The problem occurs if root.hashCode() is invoked. The hashCode of HashSet is recursive, i.e., it is computed using the hash values of the elements of the respective sets. This leads to a computation that is exponential in depthN.

The first enabling property for this attack is the shape of the data structure, forming a network of cross-referencing parent-child relationships, where each child node is referenced by more than one (in this case: two) parent objects. The resulting object graph for the listing is shown in Fig. 1. The second ingredient is the recursive method that operates on this structure, hashCode() in this case.

Finally, there must be a way to parse the format to an internal representation with the same topology and trigger the traversal over it. The fact that the method can be reached from the entry point of a program can be statically determined by examining direct paths from the entry point method to the target method in the call graph.

In the case of SerialDoS, the trigger is the deserialisation API. Serialisation is a common attack surface for Java applications as demonstrated by Frohoff et al. [2, 10]. The deserialisation of the HashSet instances encountered in the stream will then invoke hashCode() via a call graph chain from readObject(), and the malicious computation is activated.

Redundant traversals can be solved using dynamic programming in some cases. However, a solution is not available in the case of SerialDoS where it is not a programming defect that gives rise to the vulnerability. In SerialDoS, each method invocation happens within another context (i.e., state of the stack), and for a programmer to cache intermediate results would require knowledge about the state of the heap and stack during each invocation.

Fig. 1.
figure 1

Many-to-many topology in object graphs – each vertex represents an object and an edge represents a reference. Note that parents have two children, but children also have two parents. The graph is abstracted in the sense that intermediate references to elements in java.util.HashSet are not shown.

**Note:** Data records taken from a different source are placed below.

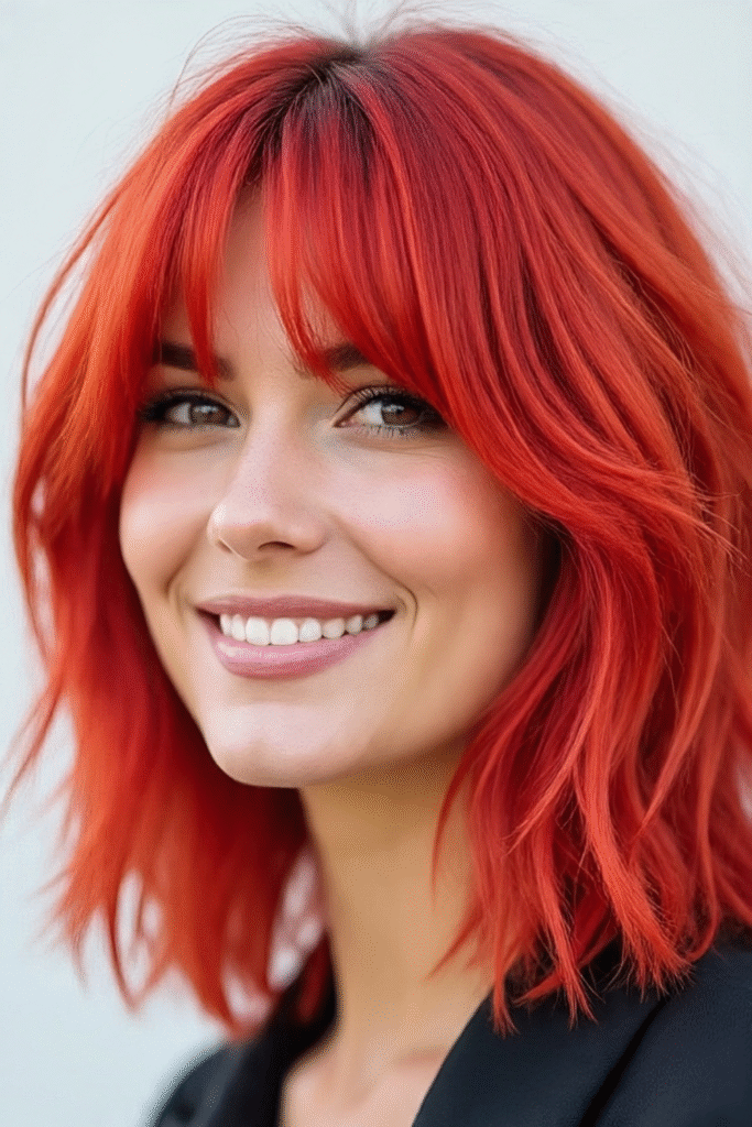 Une coloration rouge audacieuse associée à des dégradés hachés et une frange encadrant le visage crée un impact visuel maximum, en faisant un choix idéal pour celles qui recherchent une transformation dramatique.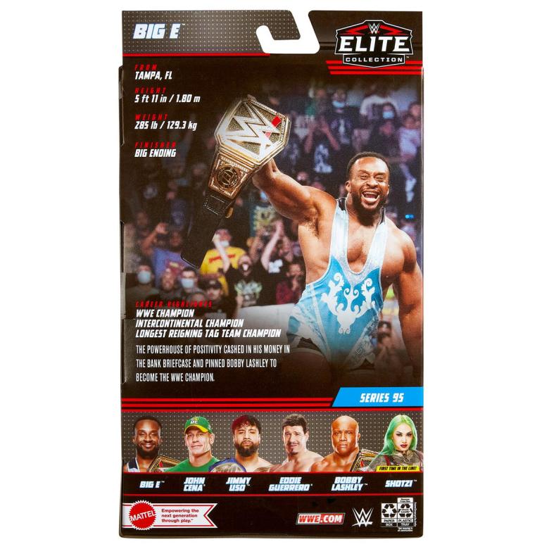 Mattel gave us a closer look at WWE Elite 95 today. First revealed during WrestleMania weekend, E95 features: Eddie Guerrero (with chase), Bobby Lashley, Jimmy Uso, Big E, John Cena and Shotzi Blackheart.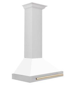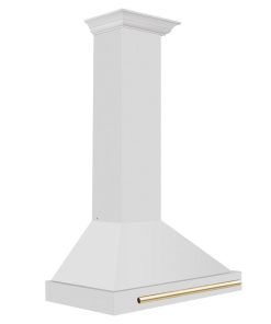 ZLINE Autograph Edition Convertible Stainless Steel Range Hood with White Matte Shell and Polished Gold Accents (KB4STZ-WM-G)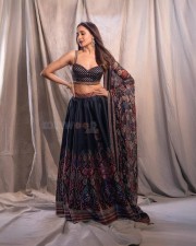 Akhanda 2 Actress Pragya Jaiswal in a Midnight Blue Floral Lehenga with a Sleeveless Blouse Photos 06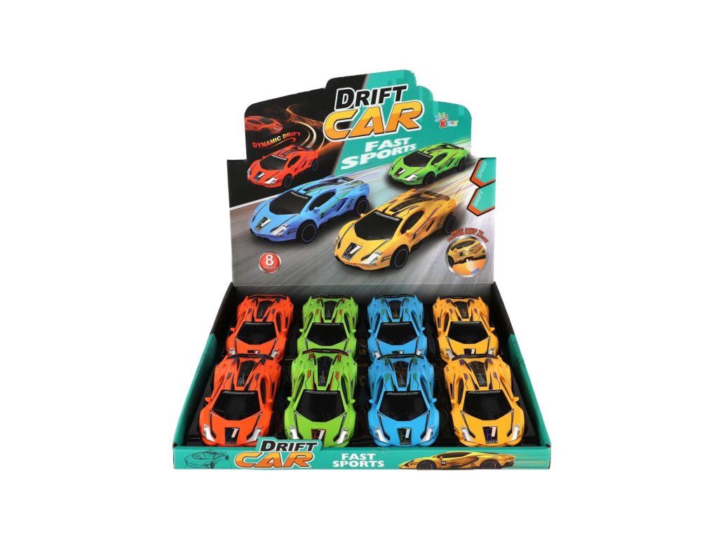 Auto závodní driftovací plast 16cm na setrvačník 4 barvy 8ks v boxu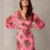 Deep neckline, long buffet sleeves finished with a button cuff. The mini length will highlight the legs in a wonderful way, and the gently flared hem will allow you to conceal minor imperfections and optically slenderize the entire figure. Fastened on the side with a covered zipper. The mini dress with an envelope neckline was created for women who like to look striking and attract their attention without too much effort. All you need to do is to choose the right footwear, and in this case the best choice will be high-heeled shoes, which will give the whole thing character. This model of dress will allow you to create an elegant, timeless styling, which is perfect for various celebrations, such as weddings, communions, birthdays, parties with friends, special banquets. The product is manufactured and sewn in Poland.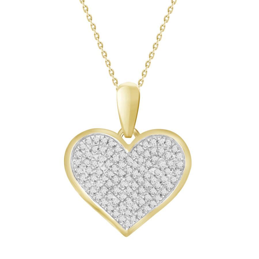 LADIES HEART PENDANT 0.25CT ROUND DIAMOND YELLOW GOLD/STERLING SILVER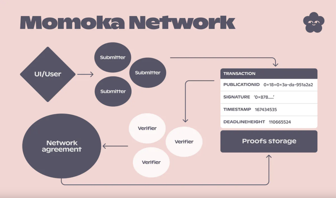 Momokaネットワークには、主に2つの役割がある。提出者(Submitters)と検証者(Verifiers)である。前者は取引データを検証し、Arweaveにデータを提出する役割を担い、現在はLens公式が指定したホワイトリストアドレスが担当している。後者は提出者が提出したデータの有効性を監視し、確認を行う役割を担い、誰でもMomokaノード検証者(Verifiers)を使用して取引を証明し、検証できる。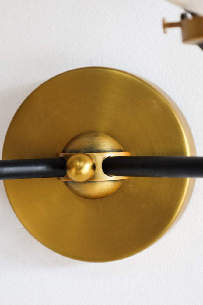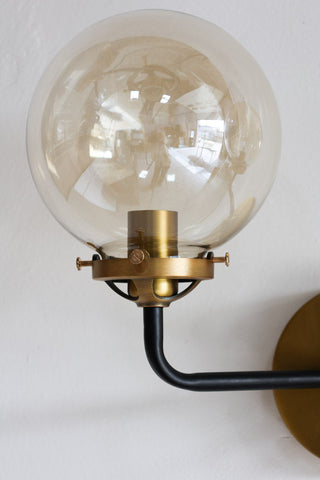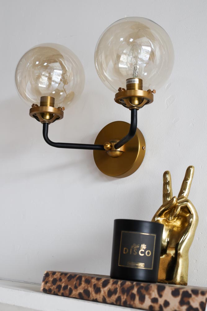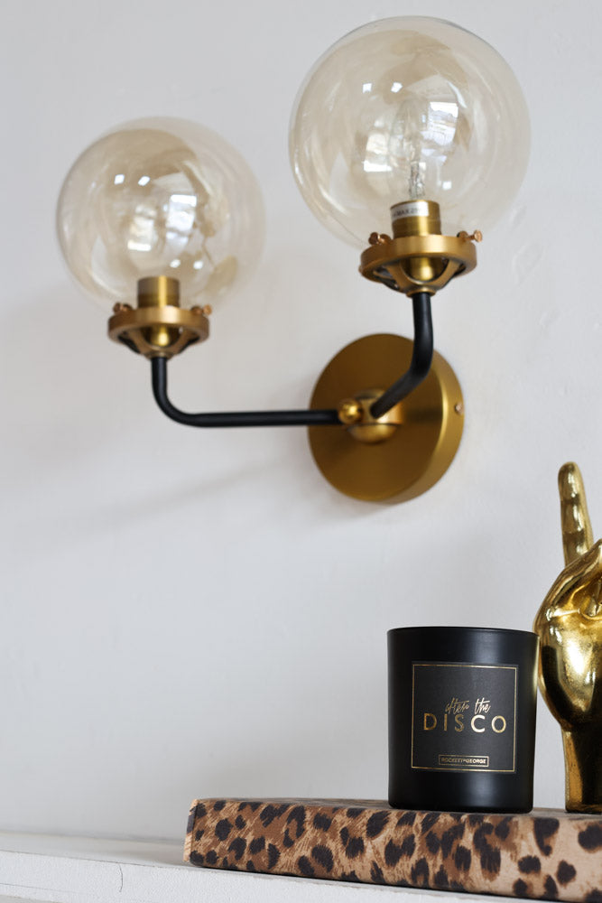 With a nod to the popular Parisian style, the Double Globe Smoked Glass Wall Light will create a delightfully alluring atmosphere in your interior scheme. This glamorous wall sconce showcases two glorious iridescent glass globes with black arms attached to a brass wall rose. This wall light takes two candle bulbs and can be easily fitted by unscrewing the fixture’s glass globes. What’s more, the dazzling iridescent glass takes the focus away from the bulbs so as to not compromise its spectacular design. Measuring 30cm in height, 35cm in width and 19cm in depth, this brass wall light would look utterly extraordinary styled three in a row.

3 Characteristics of the Vulnerability

In this section, we discuss the three defining characteristics, TTT, needed to craft DoS attacks based on vulnerabilities in code recursively traversing data structures: topologies, traversals and triggers.

3.1 Topologies

In Java-like languages, an instance of a data structure forms a graph of objects as depicted in Fig. 1. An object, parent, references \(child_1\) if \(child_1\) is the value of a field of parent. Often, references are indirect via intermediate objects, in particular arrays or collections. Given an object graph, we are particularly interested in subgraphs formed by objects of some type T, where these objects have more than one predecessor and/or successor of type T. These structures can be described as following a many-to-many pattern.Footnote 4 Examples of this are common in the Java collection library, where, for instance, lists can be elements of multiple other lists.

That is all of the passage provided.